After the nodes was removed this failure arose (from log):
elasticsearch security index is unavailable short circuiting retrieval of user
Settings for cluster discovery were as follows (legacy from v6):
discovery.zen.ping.unicast.hosts: 2,
discovery.zen.minimum_master_nodes: "192.168.50.80:9300, 192.168.50.81:9300, 192.168.50.83:9300"

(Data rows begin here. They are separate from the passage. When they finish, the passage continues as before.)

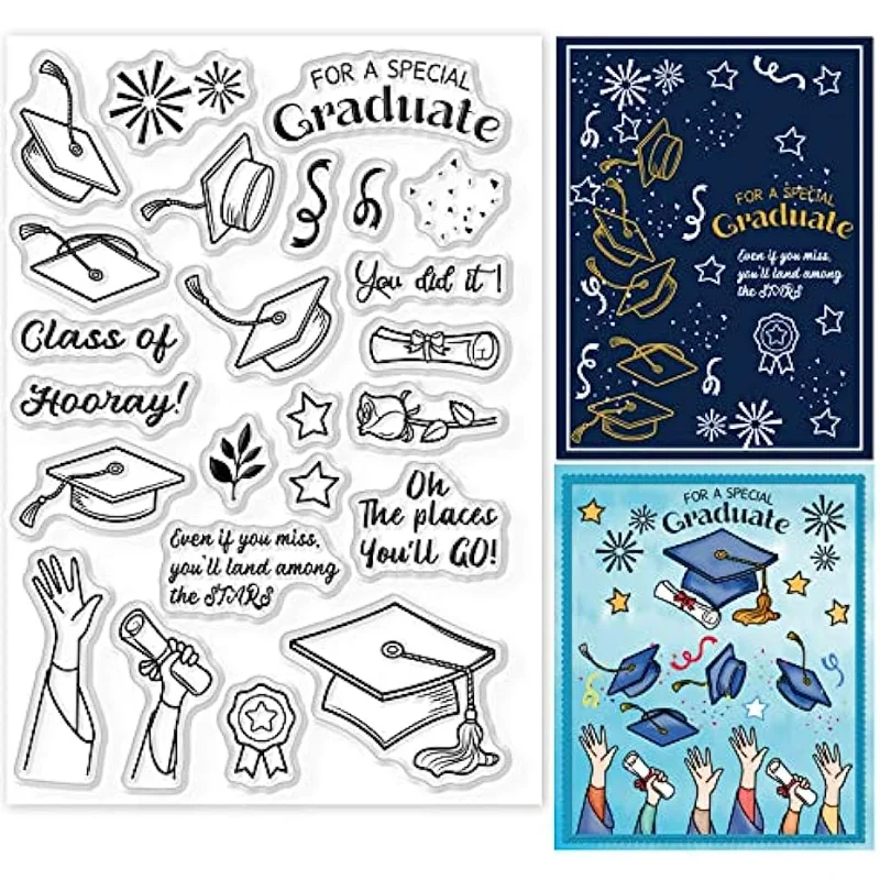 Graduation Clear Stamps for DIY Scrapbooking Decor Hat Rose Hand Transparent Silicone Stamps for Making Cards Photo Album Decor
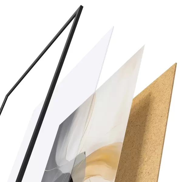 Plagát sa skladá z rámu, plexiskla, vytlačeného obrazu a podkladu z drevotriesky. Plagát možno okamžite zavesiť na stenu vďaka úchytom na zadnej strane.
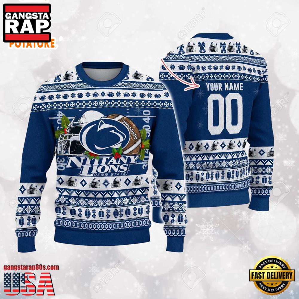 - NCAA Penn State Nittany Lions Football Team Xmas Tree Snow Custom Name Ugly Christmas Sweater

My issue now is that the cluster wont elect a master since the requirements aren't fulfilled, from log on node es-1:
[<time..>][WARN ][o.e.c.c.ClusterFormationFailureHelper] [es-1] master not discovered or elected yet, an election requires at least 3 nodes with ids from [2IE4RVpNTfKpL5JQsbvPCQ, 4womI-u8TMS_lxDytQ0kGg, 8DDEaYnnQKGkK9ea2klnnw, DuIW_Q65QFeZWOzwcyKlXA, TxpUfaPDTrSCngTNuZ_Brg] and at least 2 nodes with ids from [4womI-u8TMS_lxDytQ0kGg, 8DDEaYnnQKGkK9ea2klnnw, TxpUfaPDTrSCngTNuZ_Brg], have discovered [{es-2}{TxpUfaPDTrSCngTNuZ_Brg}{X0wUWTMrTLm1tDE2JMHZ2A}{192.168.50.81}{192.168.50.81:9300}{xpack.installed=true}, {es-4}{8DDEaYnnQKGkK9ea2klnnw}{EtBJ1BycTBCTIANy3Pp_MA}{192.168.50.83}{192.168.50.83:9300}{xpack.installed=true}] which is not a quorum; discovery will continue using [192.168.50.81:9300, 192.168.50.83:9300] from hosts providers and [{es-1}{Vmau018eQWO3AjMzSuo8sQ}{3Ri3q7cvQEGV-p11ykEkCA}{192.168.50.80}{192.168.50.80:9300}{xpack.installed=true}] from last-known cluster state; node term 1087, last-accepted version 125480 in term 11
Same for node es-2:
[<time...>][WARN ][o.e.c.c.ClusterFormationFailureHelper] [es-2] master not discovered or elected yet, an election requires at least 3 nodes with ids from [2IE4RVpNTfKpL5JQsbvPCQ, 4womI-u8TMS_lxDytQ0kGg, 8DDEaYnnQKGkK9ea2klnnw, DuIW_Q65QFeZWOzwcyKlXA, TxpUfaPDTrSCngTNuZ_Brg] and at least 2 nodes with ids from [4womI-u8TMS_lxDytQ0kGg, 8DDEaYnnQKGkK9ea2klnnw, TxpUfaPDTrSCngTNuZ_Brg], have discovered [{es-1}{Vmau018eQWO3AjMzSuo8sQ}{3Ri3q7cvQEGV-p11ykEkCA}{192.168.50.80}{192.168.50.80:9300}{xpack.installed=true}, {es-4}{8DDEaYnnQKGkK9ea2klnnw}{EtBJ1BycTBCTIANy3Pp_MA}{192.168.50.83}{192.168.50.83:9300}{xpack.installed=true}] which is not a quorum; discovery will continue using [192.168.50.80:9300, 192.168.50.83:9300] from hosts providers and [{es-2}{TxpUfaPDTrSCngTNuZ_Brg}{X0wUWTMrTLm1tDE2JMHZ2A}{192.168.50.81}{192.168.50.81:9300}{xpack.installed=true}] from last-known cluster state; node term 1087, last-accepted version 125480 in term 11
and es-4:
[<time..>][WARN ][o.e.c.c.ClusterFormationFailureHelper] [es-4] master not discovered or elected yet, an election requires at least 3 nodes with ids from [2IE4RVpNTfKpL5JQsbvPCQ, 4womI-u8TMS_lxDytQ0kGg, 8DDEaYnnQKGkK9ea2klnnw, DuIW_Q65QFeZWOzwcyKlXA, TxpUfaPDTrSCngTNuZ_Brg] and at least 2 nodes with ids from [4womI-u8TMS_lxDytQ0kGg, 8DDEaYnnQKGkK9ea2klnnw, TxpUfaPDTrSCngTNuZ_Brg], have discovered [{es-1}{Vmau018eQWO3AjMzSuo8sQ}{3Ri3q7cvQEGV-p11ykEkCA}{192.168.50.80}{192.168.50.80:9300}{xpack.installed=true}, {es-2}{TxpUfaPDTrSCngTNuZ_Brg}{X0wUWTMrTLm1tDE2JMHZ2A}{192.168.50.81}{192.168.50.81:9300}{xpack.installed=true}] which is not a quorum; discovery will continue using [192.168.50.80:9300, 192.168.50.81:9300] from hosts providers and [{es-4}{8DDEaYnnQKGkK9ea2klnnw}{EtBJ1BycTBCTIANy3Pp_MA}{192.168.50.83}{192.168.50.83:9300}{xpack.installed=true}] from last-known cluster state; node term 1087, last-accepted version 125480 in term 11
I don't understand why election requires three nodes, is the version 6 minimum_master_nodes
setting not used at all?
If so, was requirement of three nodes enforced when cluster had six nodes?
I have tried adding setting
cluster.initial_master_nodes: [es-1, es-2]
But that doesn't make a difference.
Is it possible to reset cluster formation settings/requirements?